The speaker on stage did not flinch.

``You are right,'' he answered. He outlined some ideas for independent associations, independent courts, and contested elections. ``We must have a new system which controls the power.''

This week's discussion in the Jurta Theatre marked one important step toward that ambitious goal.

It was organized by the Embankment Club, a discussion group that resumed activity this February after being banned for two years.

``The government refused to recognize us, so we just recognized ourselves,'' says club leader Zoltan Bogardi. ``We are free and independent.''

At the club, nothing is off limits. Some provocative examples of lecture titles include ``Nationalism in East Europe,'' ``Hungary, a Country With Empty Pockets,'' and this week's ``Constitution and Democracy.''

In recent weeks, all sorts of similar clubs have sprouted.

Pacifists are pressing for the right to conscientious objection. Ecologists are urging an end to the construction of a dam over the Danube. Feminists are fighting for their rights, as are homosexuals and lesbians.

``It's a new phenomenon,'' says Mihaly Horvath, another Embankment Club leader. ``People just get together and say they are [a] club.''

Communist officials are divided on how to respond.

Hard-liners want to crack down, and police recently interrogated organizers of an independent student group.

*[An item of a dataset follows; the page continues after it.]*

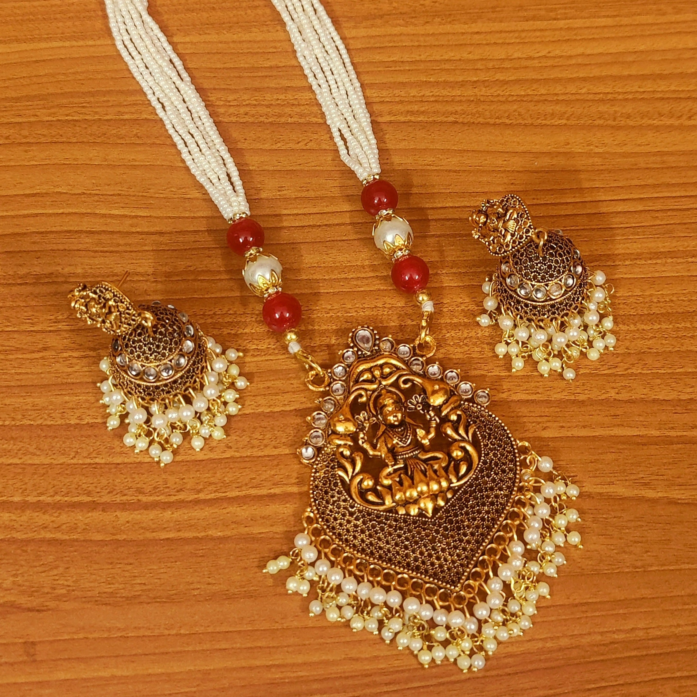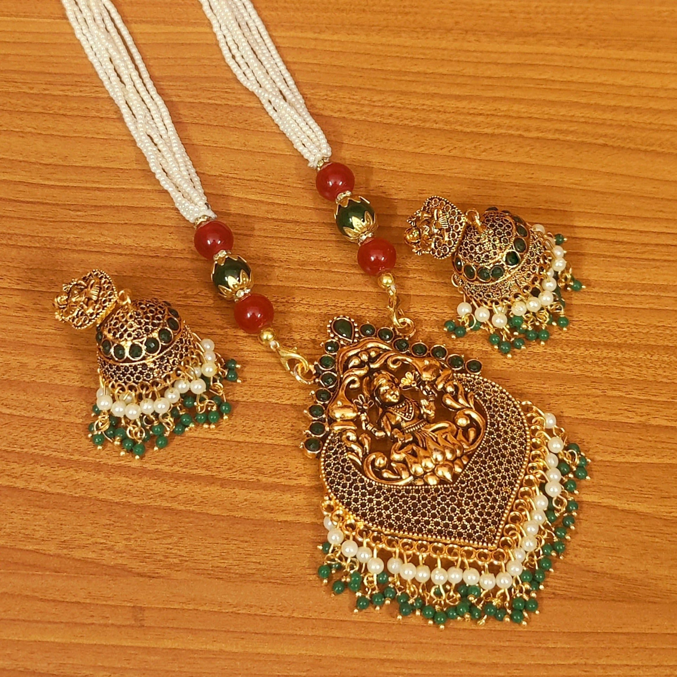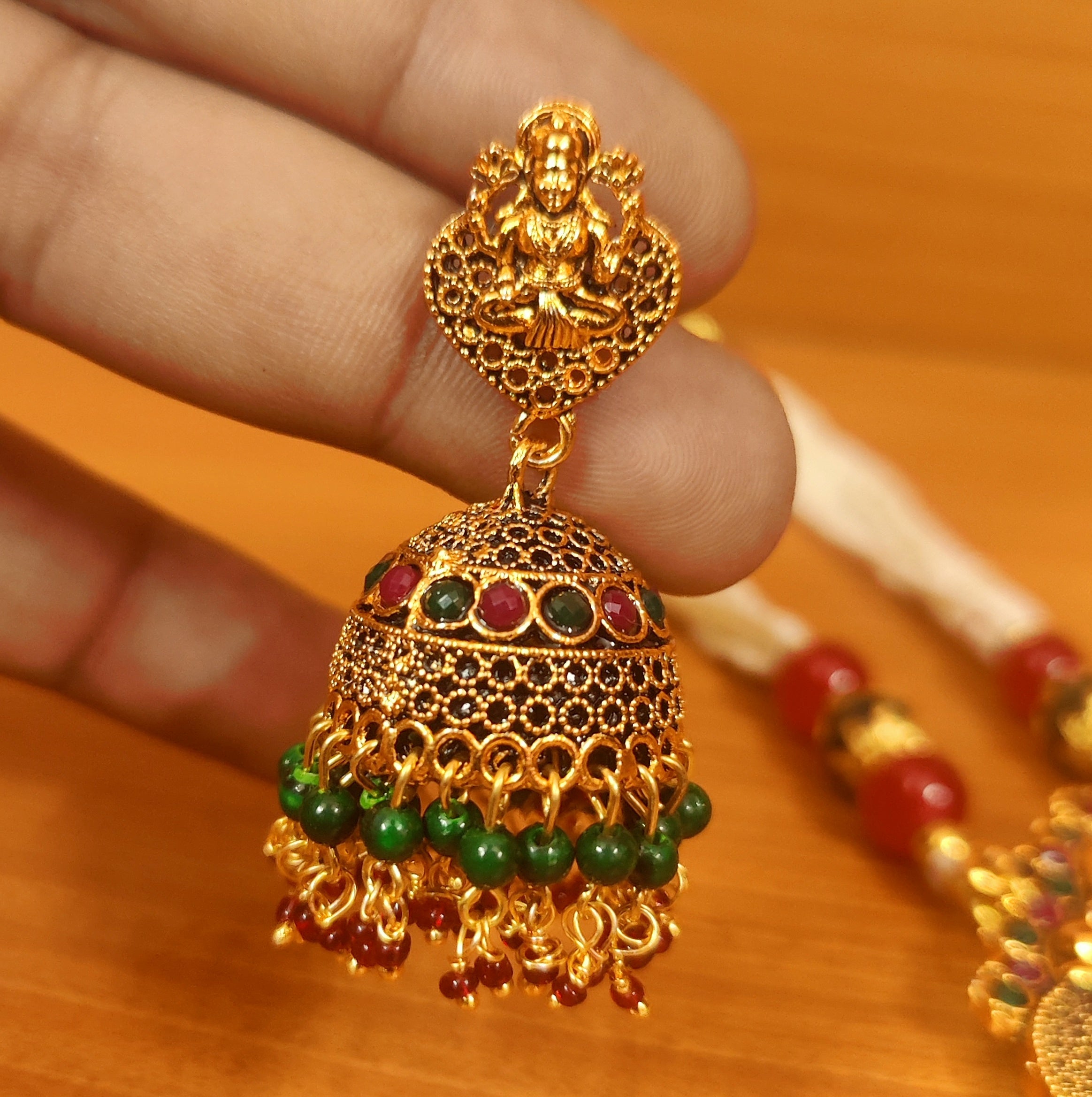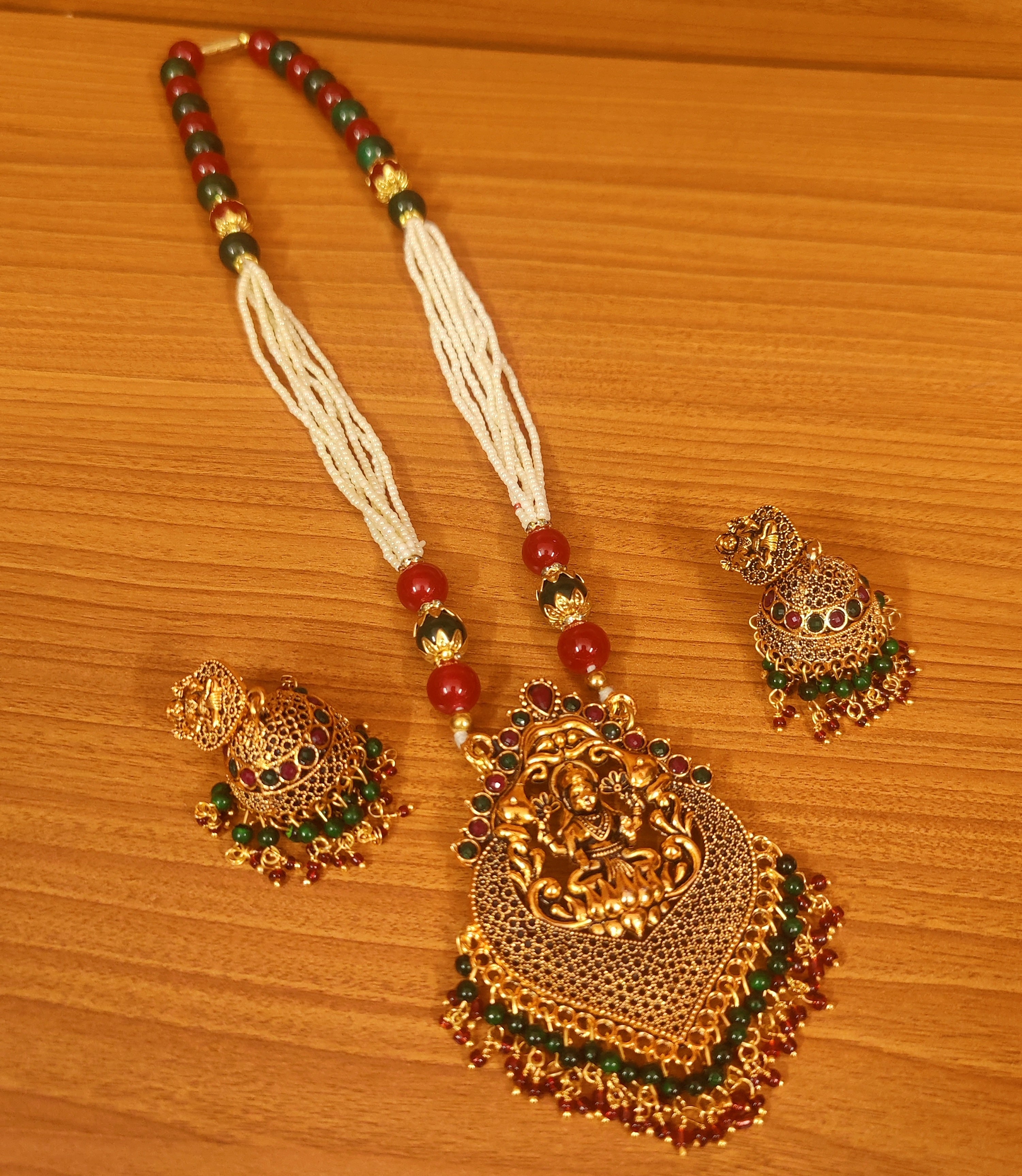 TEMPLE LOOK ANTIQUE GOLD PLATED MULTICOLOUR PENDANT SET

Reformers encourage the process, saying that the clubs raise important issues which must be dealt with.

The dispute about clubs is sure to be at the center of today's Party Conference. One of the key reforms in the resolution before the conference is for a new law on Independent Associations.

If passed, the Embankment Club and others like it would become legal. Whatever happens, the Embankment activists are vowing not to give up.